[Task description] Below are records with pictures. Transcribe exactly, and only, the lines from the line with "海南公司五項QC成果獲得省級表彰 時間:2018-09-03 3404" to the line with "2009 Mercedes E320", both ends included, but not the pictures.

++++ Supplied data

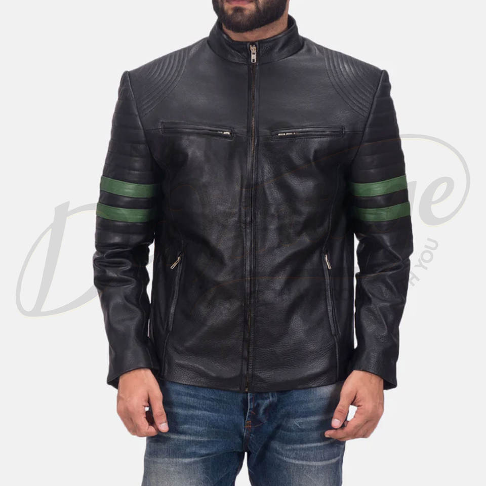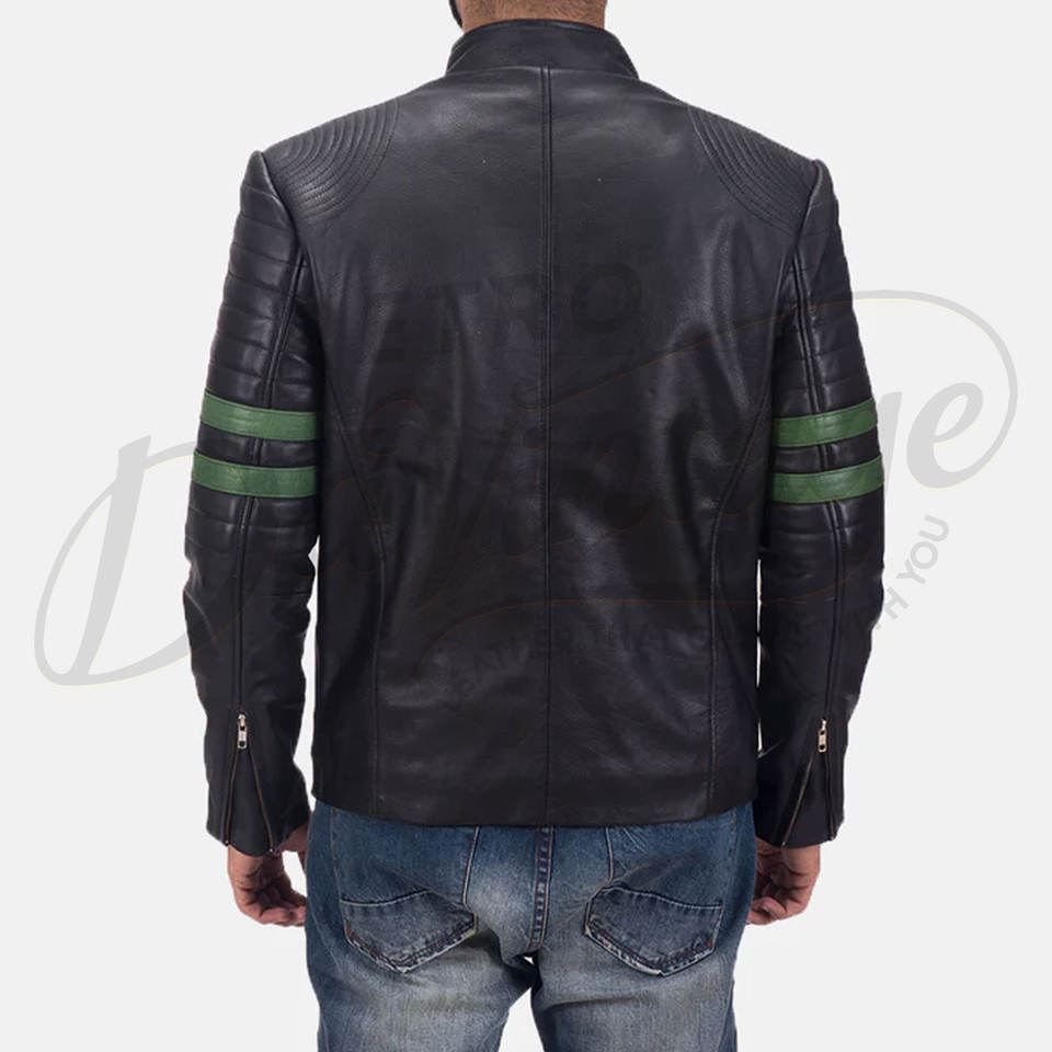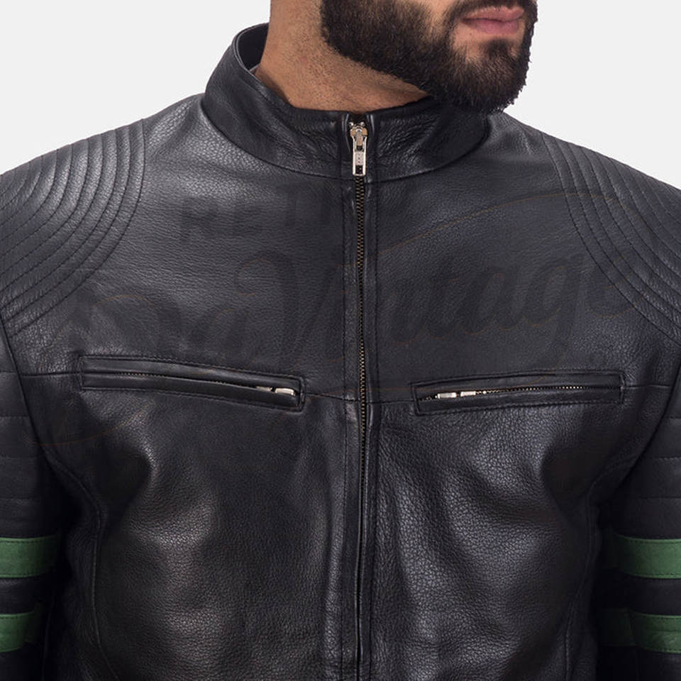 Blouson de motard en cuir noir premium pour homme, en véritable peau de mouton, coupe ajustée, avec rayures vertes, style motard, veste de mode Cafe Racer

++++++++
++++ Supplied data

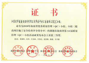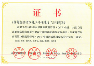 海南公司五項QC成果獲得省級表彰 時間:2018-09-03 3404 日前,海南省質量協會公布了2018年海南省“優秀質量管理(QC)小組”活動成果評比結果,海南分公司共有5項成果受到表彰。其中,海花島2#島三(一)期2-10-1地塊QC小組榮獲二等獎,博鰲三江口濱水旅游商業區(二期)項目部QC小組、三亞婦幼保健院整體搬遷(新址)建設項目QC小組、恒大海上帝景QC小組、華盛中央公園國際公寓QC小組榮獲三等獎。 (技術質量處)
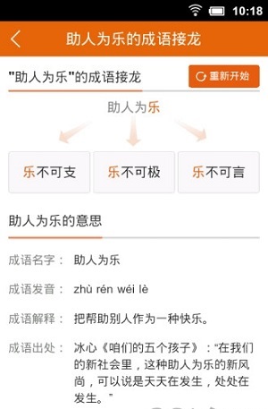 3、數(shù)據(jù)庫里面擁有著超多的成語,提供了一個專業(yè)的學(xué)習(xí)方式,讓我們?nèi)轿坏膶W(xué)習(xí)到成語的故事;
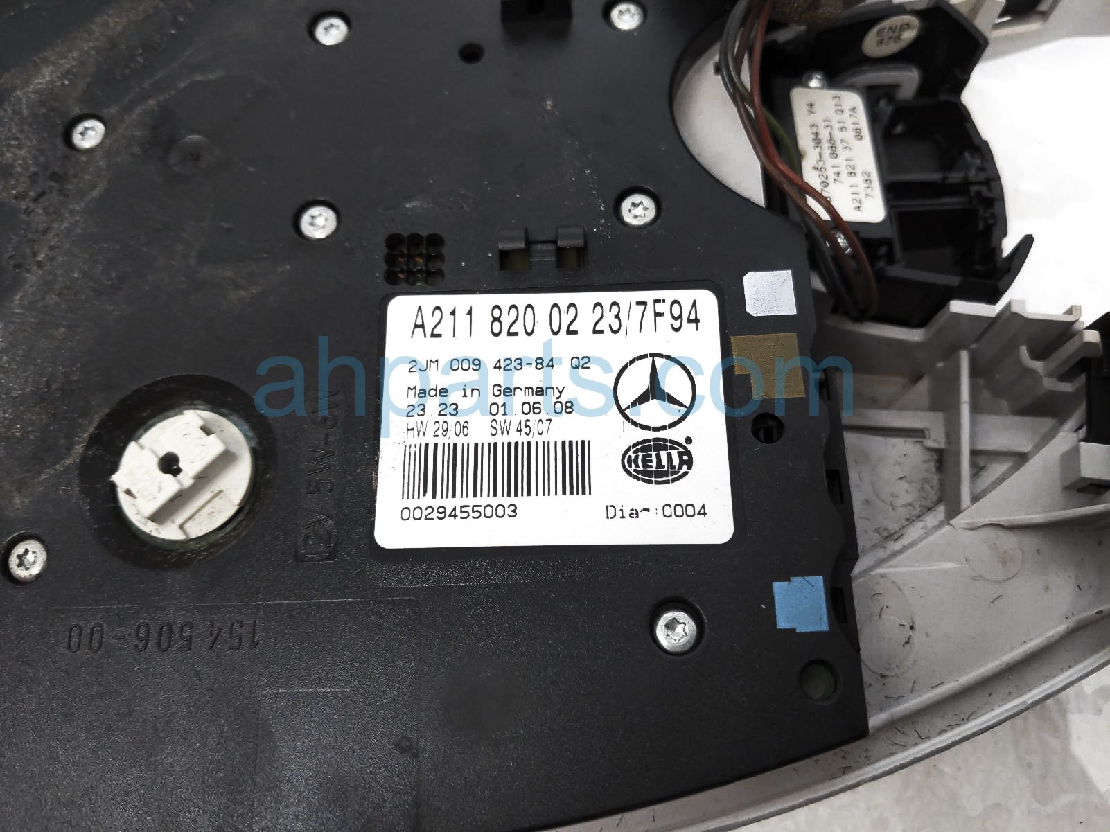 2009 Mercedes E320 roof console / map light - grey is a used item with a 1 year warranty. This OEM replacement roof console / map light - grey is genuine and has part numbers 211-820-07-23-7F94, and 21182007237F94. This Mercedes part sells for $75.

++++++++

[Answer box]
 海南公司五項QC成果獲得省級表彰 時間:2018-09-03 3404 日前,海南省質量協會公布了2018年海南省“優秀質量管理(QC)小組”活動成果評比結果,海南分公司共有5項成果受到表彰。其中,海花島2#島三(一)期2-10-1地塊QC小組榮獲二等獎,博鰲三江口濱水旅游商業區(二期)項目部QC小組、三亞婦幼保健院整體搬遷(新址)建設項目QC小組、恒大海上帝景QC小組、華盛中央公園國際公寓QC小組榮獲三等獎。 (技術質量處)
 3、數(shù)據(jù)庫里面擁有著超多的成語,提供了一個專業(yè)的學(xué)習(xí)方式,讓我們?nèi)轿坏膶W(xué)習(xí)到成語的故事;
 2009 Mercedes E320 roof console / map light - grey is a used item with a 1 year warranty. This OEM replacement roof console / map light - grey is genuine and has part numbers 211-820-07-23-7F94, and 21182007237F94. This Mercedes part sells for $75.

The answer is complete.